Потемкин - Ольга Елисеева
Шрифт:
Интервал:
Закладка:
Еще до возвращения Потемкина из столицы Екатерина объяснилась с Ермоловым. 16 июля он выехал из дворца, получив бессрочный отпуск. Императрица обратила внимание на нового кандидата, Александра Матвеевича Дмитриева-Мамонова, дальнего родственника и адъютанта Потемкина. 20 июля Екатерина, Григорий Александрович и очередной «случайный вельможа» втроем пили чай. За столом царила идиллия. Мамонов подарил своему покровителю золотой чайник с надписью: «Более соединены по сердцу, чем по крови»21. Мир в маленькой семье Екатерины был восстановлен.
«ТАКОВ, ФЕЛИЦА, Я РАЗВРАТЕН…»
Сам Потемкин тоже не считал нужным отказывать себе в радостях жизни. Державин вставил в оду строки, рисующие князя завзятым волокитой:
Или средь рощицы прекрасной В беседке, где фонтан шумит, При звоне арфы сладкогласной… На бархатной диване лежа, Младой девицы чувства нежа, Вливаю в сердце ей любовь.
Или великолепным цугом В карете аглицкой, златой, С собакой, шутом или другом, Или с красавицей какой Я под качелями гуляю…

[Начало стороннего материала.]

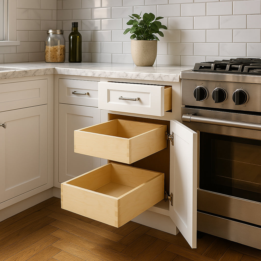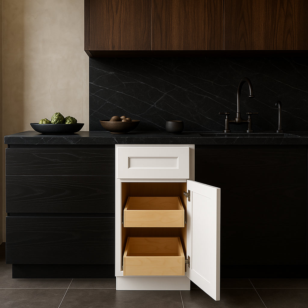- Soft-Close Technology: Equipped with soft-close drawers and doors to prevent slamming and ensure smooth operation.
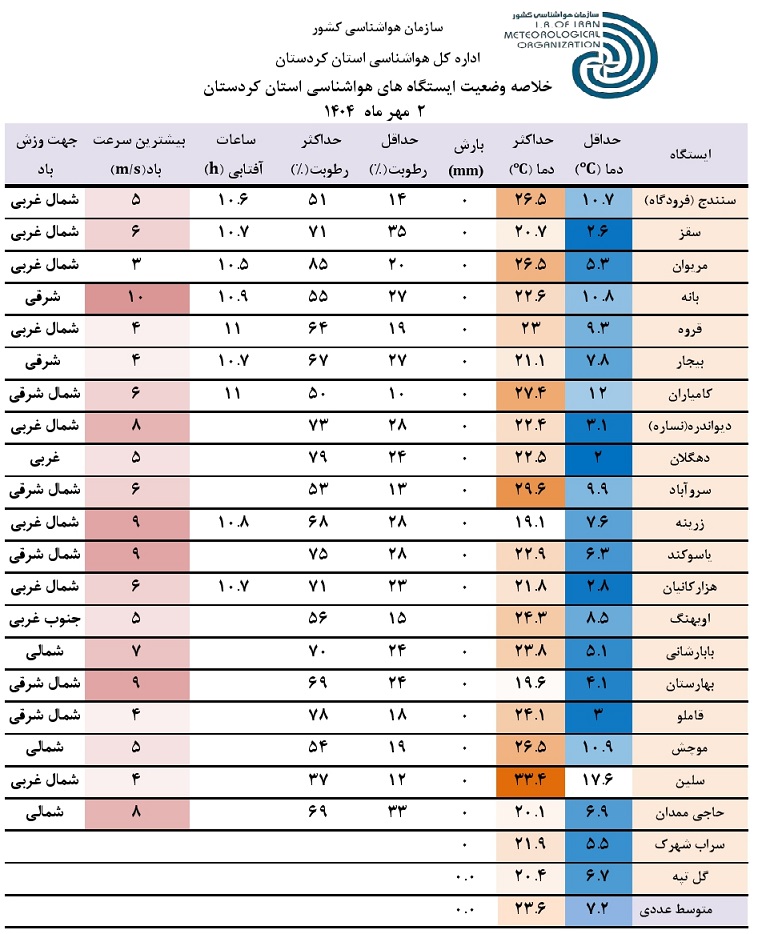 خلاصه وضعیت ایستگاه های هواشناسی استان کردستان در 24 ساعت گذشته؛ تاریخ صدور: چهارشنبه 2 مهر ماه 1404
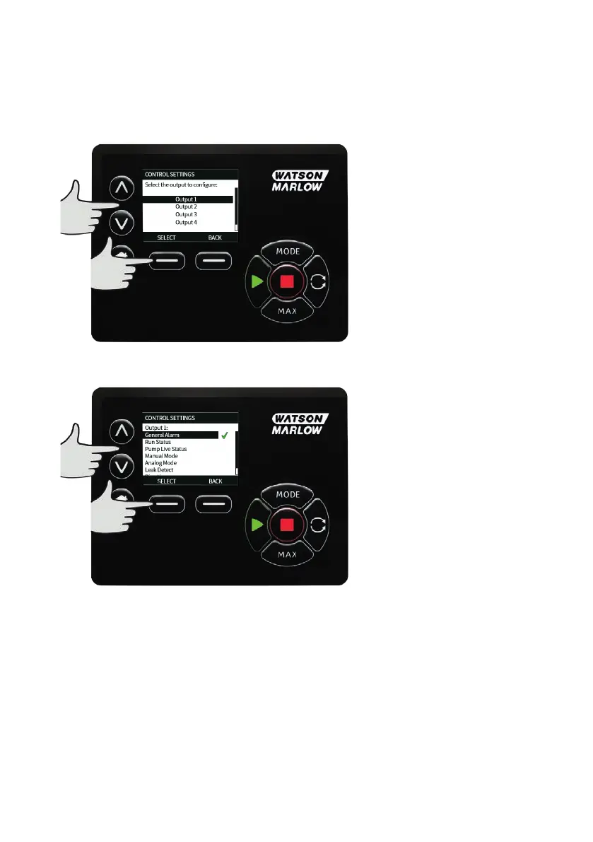 Use the / keys and press SELECT to choose which pump status you require for the chosen output.

Похождения Григория Александровича не являлись секретом для общества. Князя осаждали толпы поклонниц. До конца жизни он оставался очень красивым человеком. «Была какая-то очаровательная привлекательность в его наружности, — писал Самойлов. — Редко удачное сочетание женской мягкости и мужской твердости. Изящный, тонкий характер всей фигуры, до зрелого возраста сохранявший молодую свежесть. Лицо продолговато-овальной формы отличалось чистотой, ровным румянцем, белизной и оттенялось светло-каштановыми, вьющимися шелковистыми волосами. Тонкая, приятная улыбка красиво очерченных полных губ, и рот при детском, звонком смехе обнажал ряд ровных зубов как бы из молодой слоновой кости. Все это освещали глаза цвети бирюзы, которую он так любил. Из них один погиб, отсюда прозвище князя "Полифем". Энергичный вид придавали ему брови, приподнятые к концам, разделенные правильно очерченным, несколько крупноватым орлиным носом. Широкая выпуклая грудь и округлые плечи при высоком росте и пропорциональности всего постава напоминали сложением античную статую. Сходство с нею усиливал наклон головы и стройный стан. Наружность его отдаляла от созерцателя мысль об искусственной гордости или властности, сквозившей в нем на общественных собраниях или перед фронтом. И даже угловатость решительных движений, опрокидывавших гостиные предметы, напоминала в нем "богатыря-смолянина", каким и величала его Екатерина».
При такой внешности Григорий Александрович был обречен стать кумиром светских дам. Тот же Державин сообщал, что «Многие почитавшие Потемкина женщины носили в медальонах его портреты на грудных цепочках»22. Недаром Екатерина в одной из записок замечала, что «весь город, бесчисленное количество женщин на ваш счет ставят. И правда, нет большего охотника с ними возиться». Потемкин находил в дамском обществе огромное удовольствие. Казалось, он готов был часами заниматься с понравившимися ему женщинами, рассуждать о нарядах, забавлять их веселыми разговорами, давать в честь очередной «богини» балы и праздники23.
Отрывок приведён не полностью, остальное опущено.